- Numpy
- Pandas
- nltk(Natural Language Toolkit)
- gensim
- re(for Regular Expression Operations)
- ast(Abstract Syntax Trees)
- The data here is from the articles published on arXiv in the Astrophysics domain.
- The Data_Train.csv file has the columns:
- 'Title': The title of the articles.
- 'Date': The date the article was first posted to the arXiv. In Data_Train.csv the dates are all before May 2019, and in Data_Test.csv the dates are all greater than or equal to May 1, 2019.
- 'Abstract': The abstract of the article.
- 'Subjects': The subject of the article, as described by the author. This field is only present in Data_Train.csv.
To predict the number of articles in each subject for articles in Data_Test.csv and also to predict the number of articles in each subject in every month of Data_Test.csv
- After loading of the train data we converted the string representation of a list to list in the 'Subjects' column and then applied One Hot Encoding to the subjects using MultiLabelBinarizer.
- Various pre-processing of the different columns was done and the text was cleaned by clean_text() function and applying 'lambda' function to the column for cleaning.
- Stopwords such as 'the' 'and' etc. were removed to focus on the other words which could be more useful and their frequencies were plotted.

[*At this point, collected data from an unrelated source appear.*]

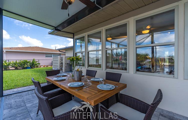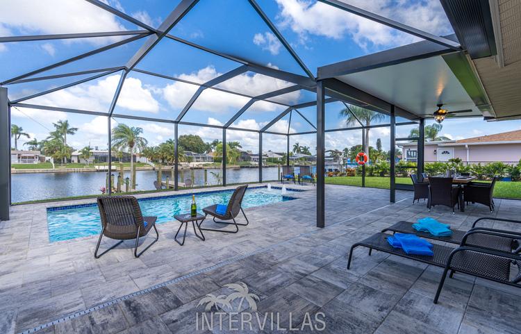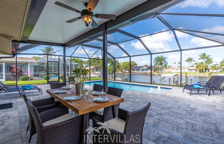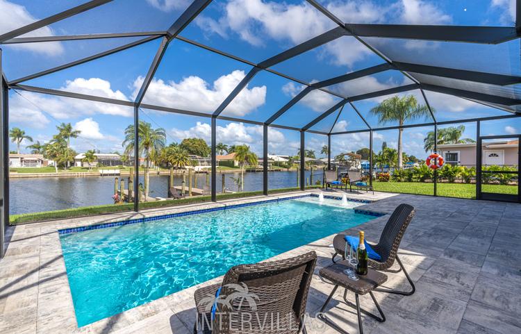 Villa Riviera, Beautiful Villa rental in Cape Coral has 3 bedrooms, 2 bathrooms, 6 sleeps, 1 minimum stay Villa for rent in Cape Coral Florida with the amenities and near by attractions , Air Conditioning, Beach Chairs, Free WiFi, Garage, Heated Pool, Parking, Swimming pool, Towels Provided, Washing Machine, Ceiling Fans, Clothes Dryer, Coffee Maker , Dishwasher, Freezer, Ice Maker, Microwave, Outdoor Grill, Oven, Refrigerator, TelevisionBoatrental, Netflix, Golf, Luxury Homes, Beach towels, Deck chairs, Gas Grill outside, Bath towels, 6 Garden-Chairs, Garden, Covered seating area, 4 Deck-Chairs, Boat Dock, Cutlery & Glasses, Ceramic / ceramic hob, Kitchen bar, Mixer, Cold water dispenser, High quality equipment BOSCH and WHIRLPOOL
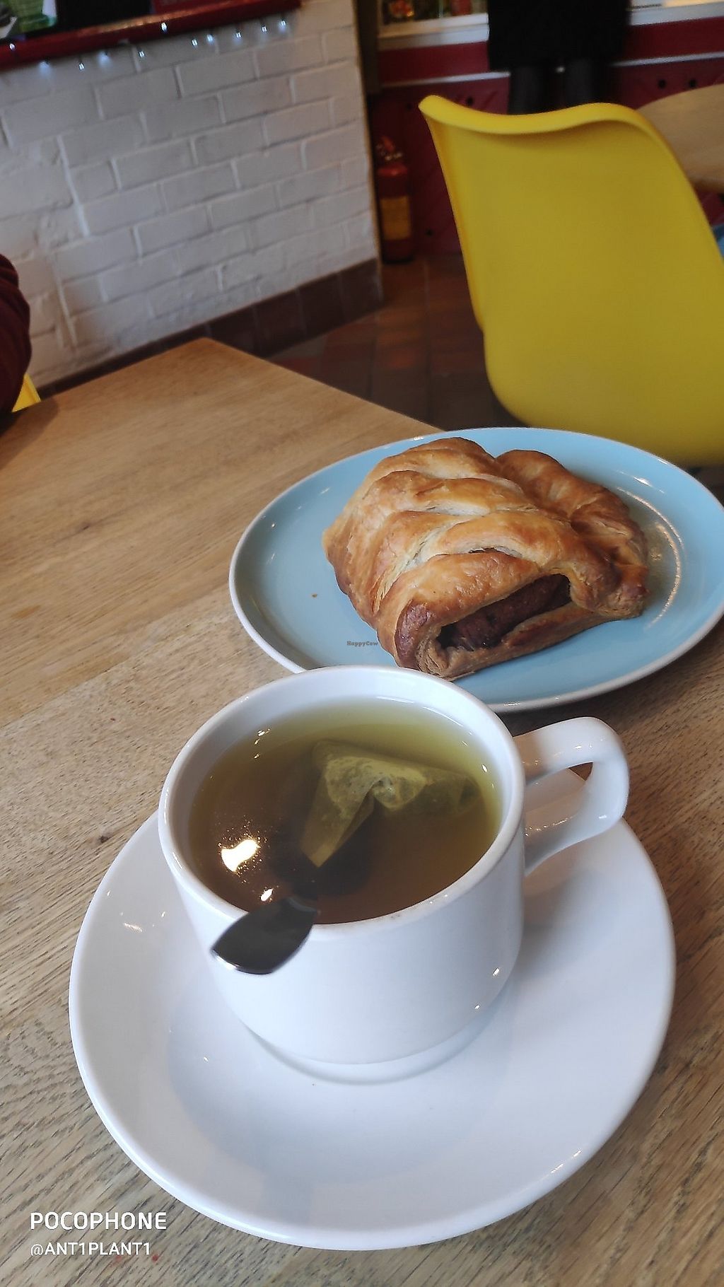 Had a green tea and a vegan sausage roll which was delicious. Lovely flakey pastry and a delicious packed filling giving a 'meaty' taste
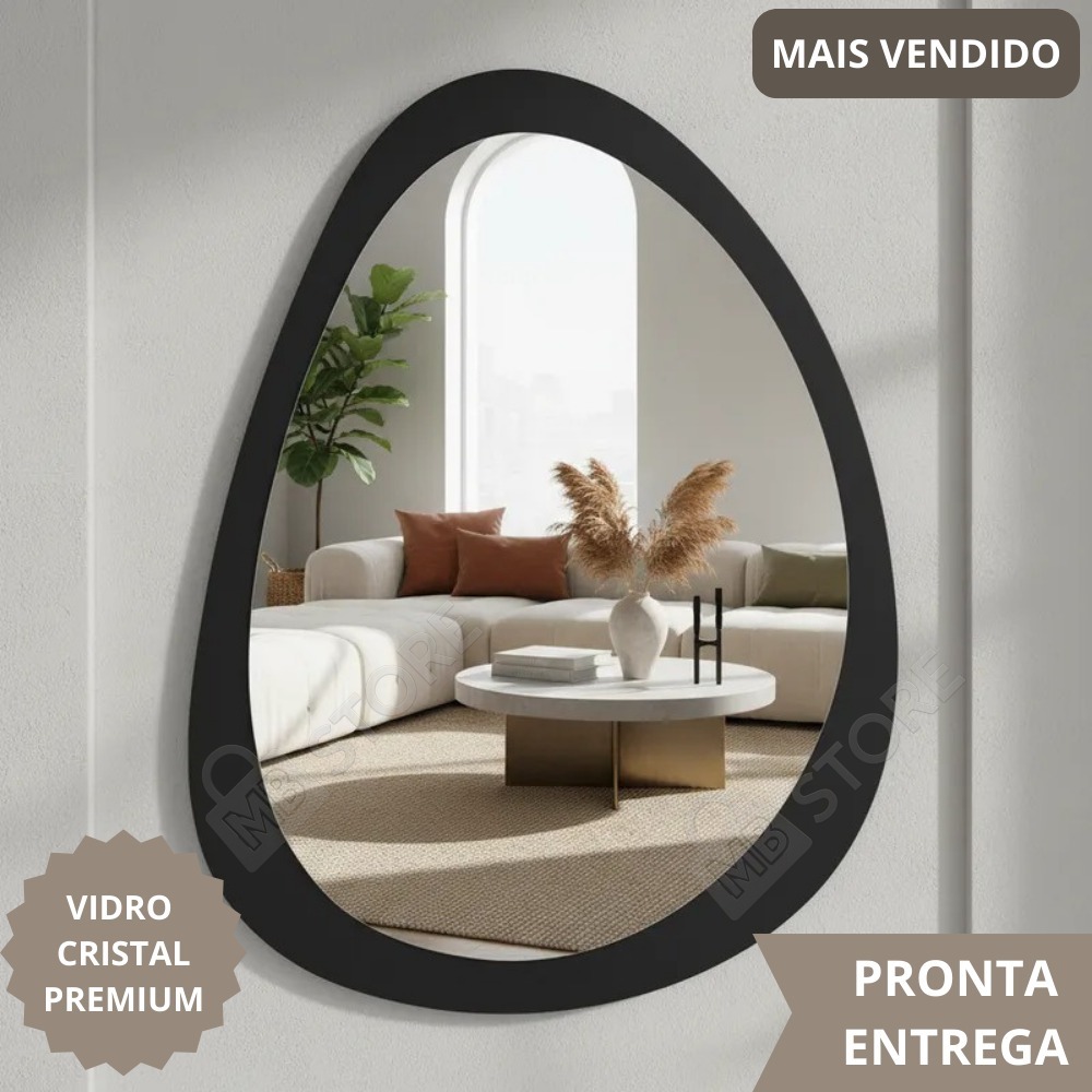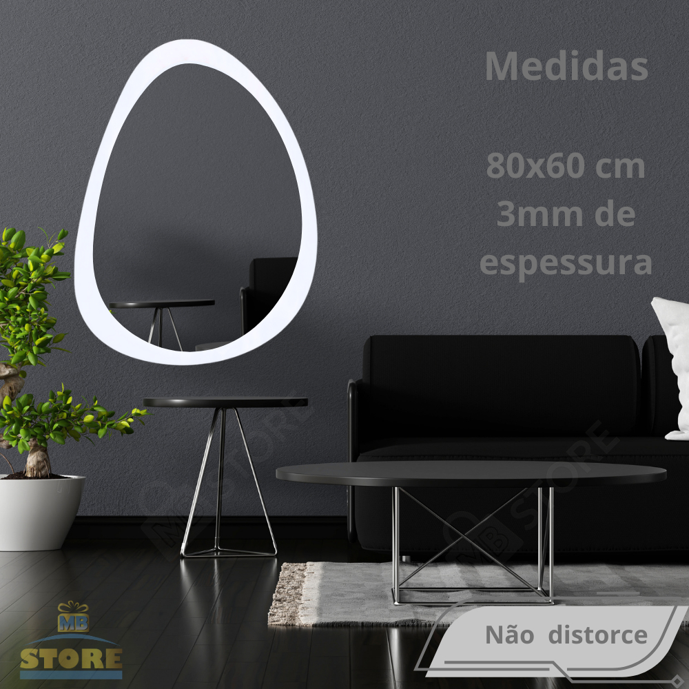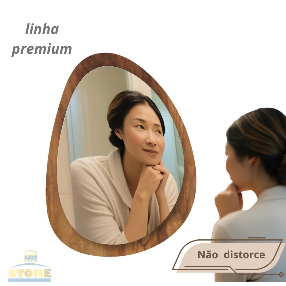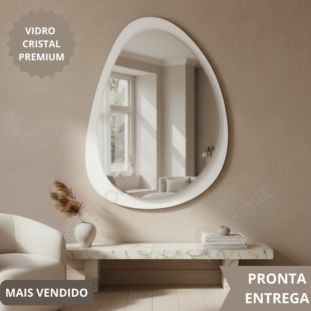 Espelho Organico Oval Grande 80X60cm Moldura em Madeira Natural Luxuoso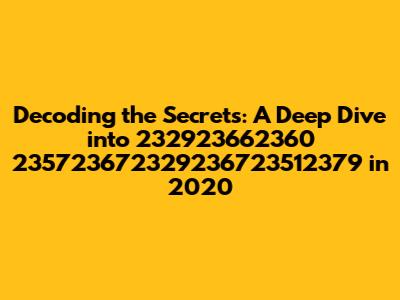 Decoding The Secrets: A Deep Dive Into 232923662360 235723672329236723512379 In 2020
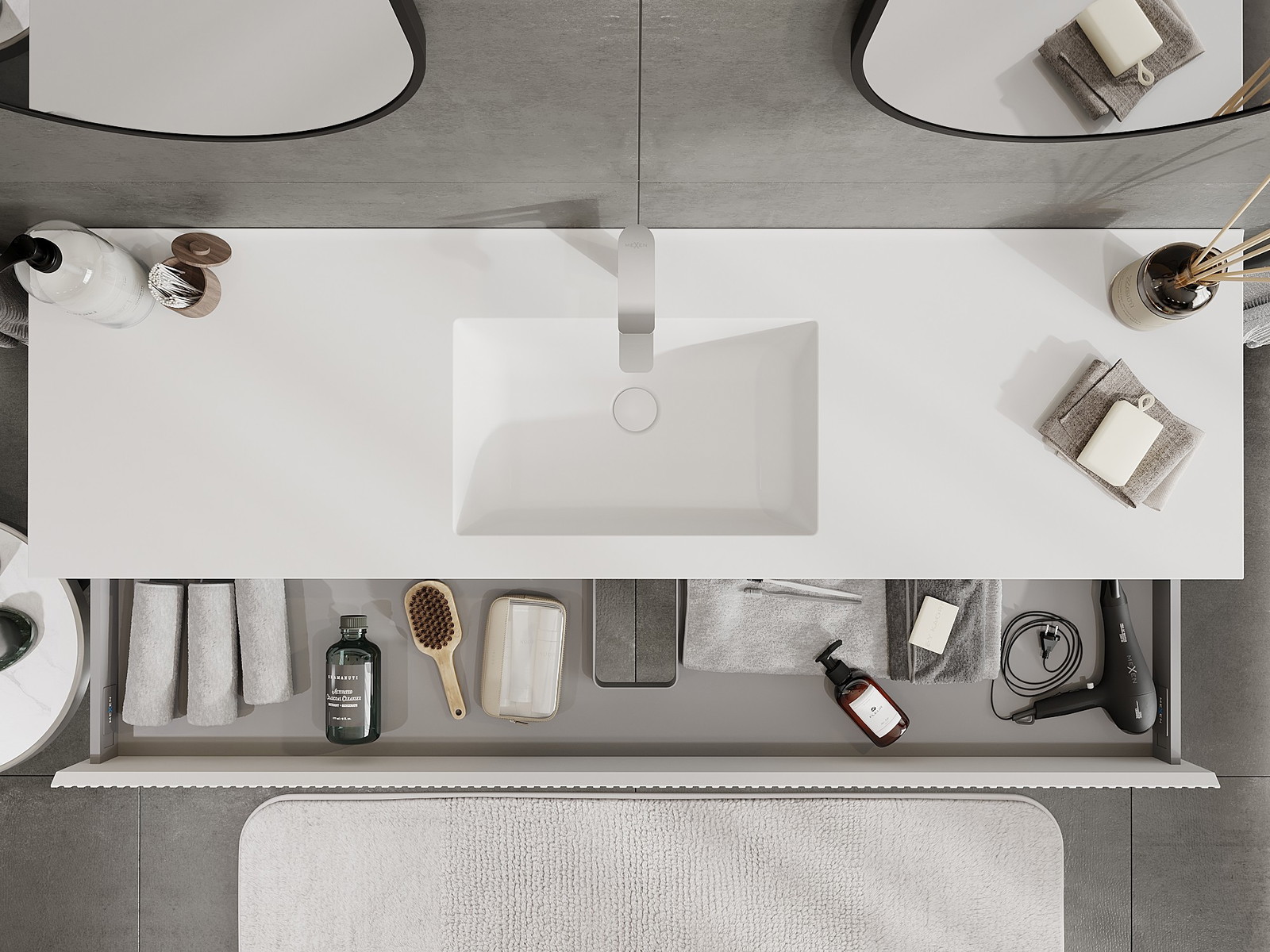 The cutout in the drawer is designed in such a way as to accommodate the siphon, which is essential in sink installations. This allows the furniture to be fully functional without having to give up drawer space for the installation.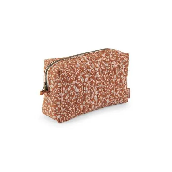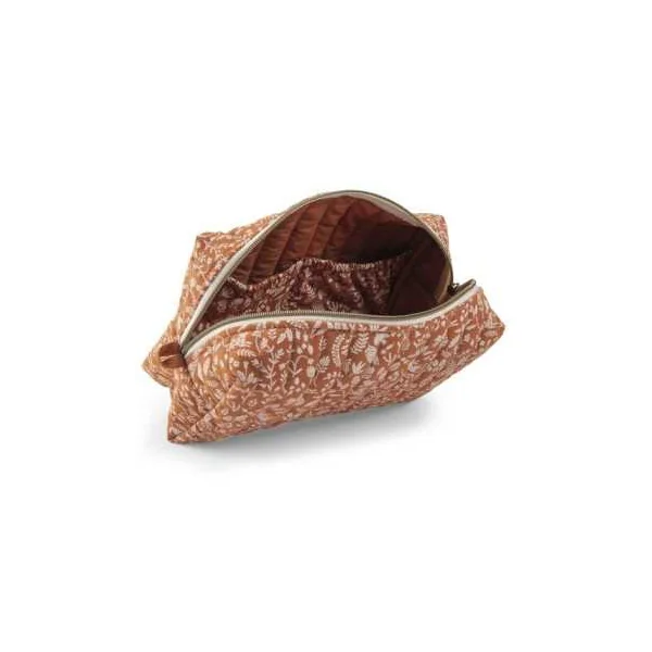 Trousse de toilette avec un imprimé feuillage avec une fermeture cuivre zippée, elle est une belle pièce qui complétera le nécessaire de bébé pour une toilette pratique et poétique.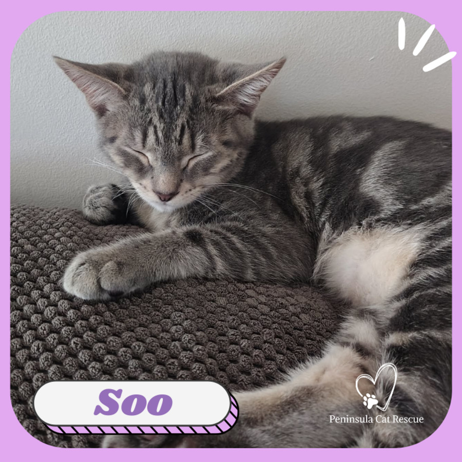 Soo is a beautiful silver tabby kitten with a confident, spirited charm and a delightful dash of sass. She knows who she is and carries herself with confidence, bringing plenty of personality and fun to those around her.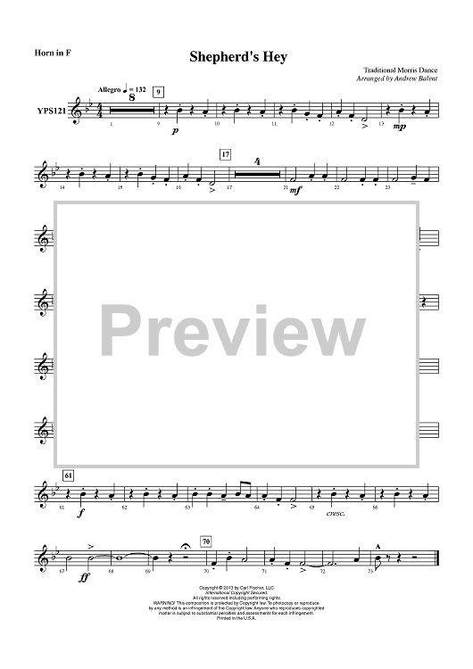 Digital Sheet Music for Shepherd’s Hey - Horn in F by Traditional, Andrew Balent scored for Concert Band; id:436300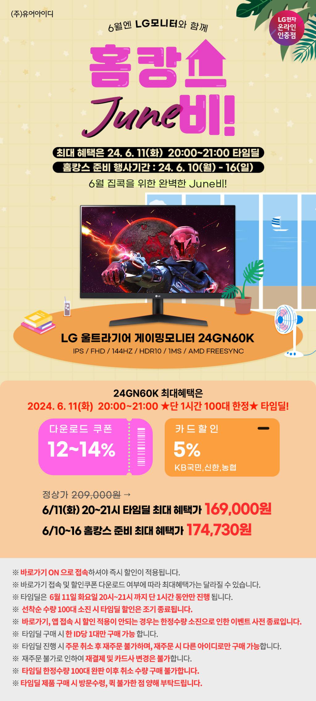 [11번가] LG 24GN60K 24인치 가성비 울트라기어 게이밍모니터 홈캉스 June비 행사 안내…
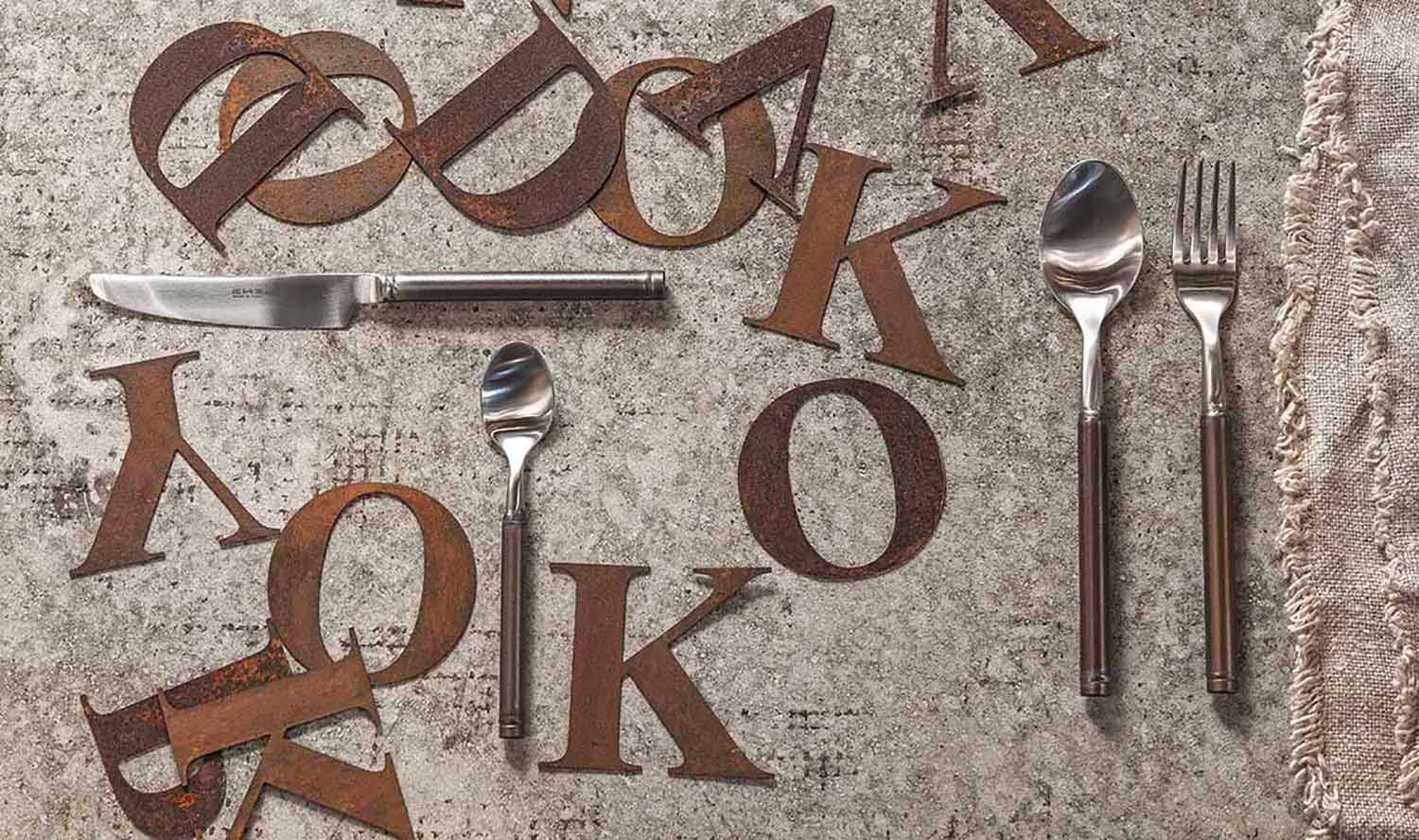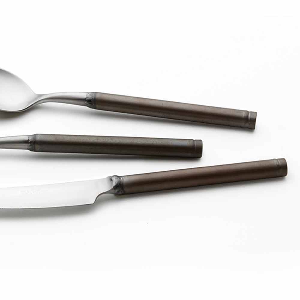 soldadura manual entre o cabo e os talheres, que artesãos experientes realizam em cada produto e que ficam expostos para valorizar o trabalho

- tfidf vectorizer was used to create top 10000 most important words and create a feature vector out of these selected words.
- Porter Stemming was used to link a specific word to its root of words .
- Finally this dataset was trained on an SVM model and 'F1' score was used as a metric to get the score.
Clone the current repository and navigate into Accrete-AI.ipynb notebook to run it.
Finally we got F1 score of 0.758 on our test data.